WHAT IS NEEDED: With the pictures left out, retype exactly the lines below starting at the line that contains "De 80 g/m2, DIN" and ending at the line that contains "The Doll Who".

SUPPLIED RECORDS:

::::

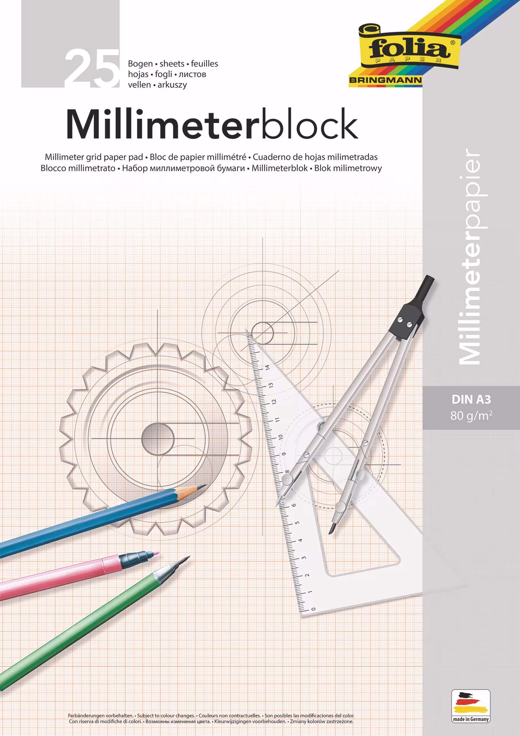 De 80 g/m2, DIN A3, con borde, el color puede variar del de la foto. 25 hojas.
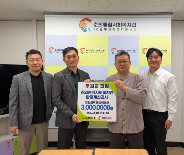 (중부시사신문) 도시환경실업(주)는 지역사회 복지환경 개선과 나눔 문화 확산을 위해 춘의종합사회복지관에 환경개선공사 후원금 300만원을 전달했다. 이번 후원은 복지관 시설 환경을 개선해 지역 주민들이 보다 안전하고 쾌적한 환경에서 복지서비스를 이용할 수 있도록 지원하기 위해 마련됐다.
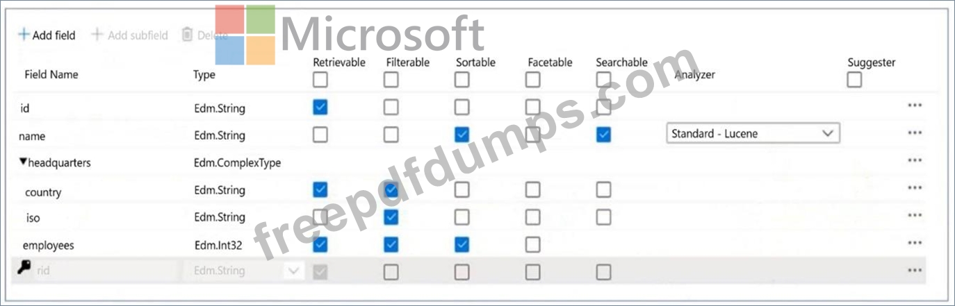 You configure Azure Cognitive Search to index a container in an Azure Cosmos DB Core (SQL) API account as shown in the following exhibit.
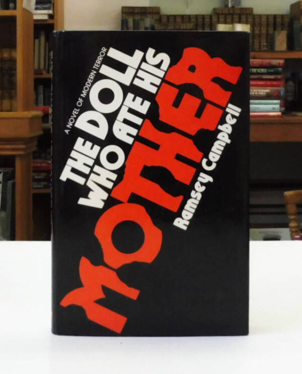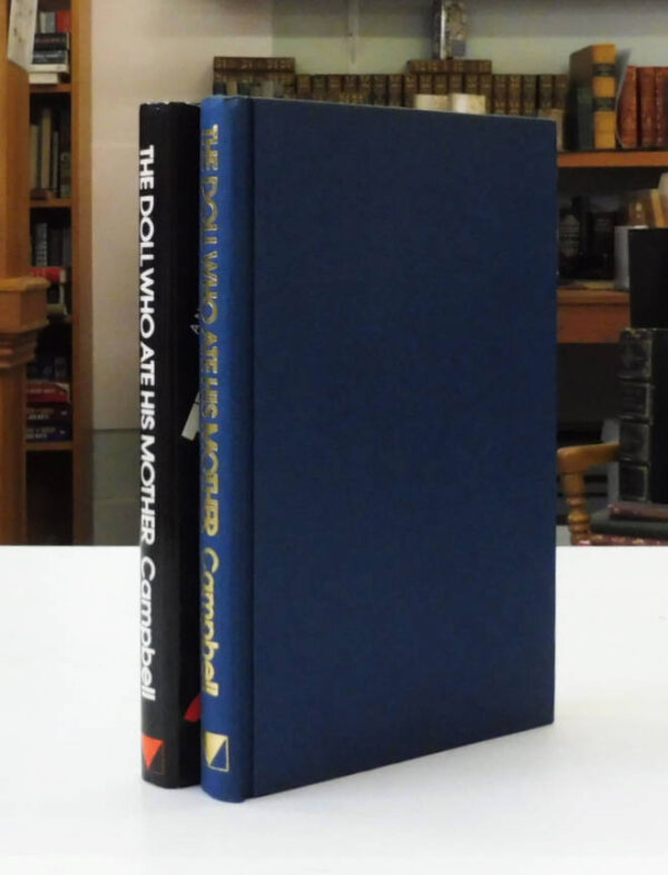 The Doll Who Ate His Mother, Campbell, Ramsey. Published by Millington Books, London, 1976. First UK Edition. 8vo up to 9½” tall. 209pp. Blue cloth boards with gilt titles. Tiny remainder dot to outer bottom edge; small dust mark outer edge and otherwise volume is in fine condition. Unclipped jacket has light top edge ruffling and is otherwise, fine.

::::

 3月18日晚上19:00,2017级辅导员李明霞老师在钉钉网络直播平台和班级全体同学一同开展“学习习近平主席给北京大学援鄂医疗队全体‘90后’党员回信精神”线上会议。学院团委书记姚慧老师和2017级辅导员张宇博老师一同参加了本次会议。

::::

COMPLETED EXERCISE:
 De 80 g/m2, DIN A3, con borde, el color puede variar del de la foto. 25 hojas.
 (중부시사신문) 도시환경실업(주)는 지역사회 복지환경 개선과 나눔 문화 확산을 위해 춘의종합사회복지관에 환경개선공사 후원금 300만원을 전달했다. 이번 후원은 복지관 시설 환경을 개선해 지역 주민들이 보다 안전하고 쾌적한 환경에서 복지서비스를 이용할 수 있도록 지원하기 위해 마련됐다.
 You configure Azure Cognitive Search to index a container in an Azure Cosmos DB Core (SQL) API account as shown in the following exhibit.
 The Doll Who Ate His Mother, Campbell, Ramsey. Published by Millington Books, London, 1976. First UK Edition. 8vo up to 9½” tall. 209pp. Blue cloth boards with gilt titles. Tiny remainder dot to outer bottom edge; small dust mark outer edge and otherwise volume is in fine condition. Unclipped jacket has light top edge ruffling and is otherwise, fine.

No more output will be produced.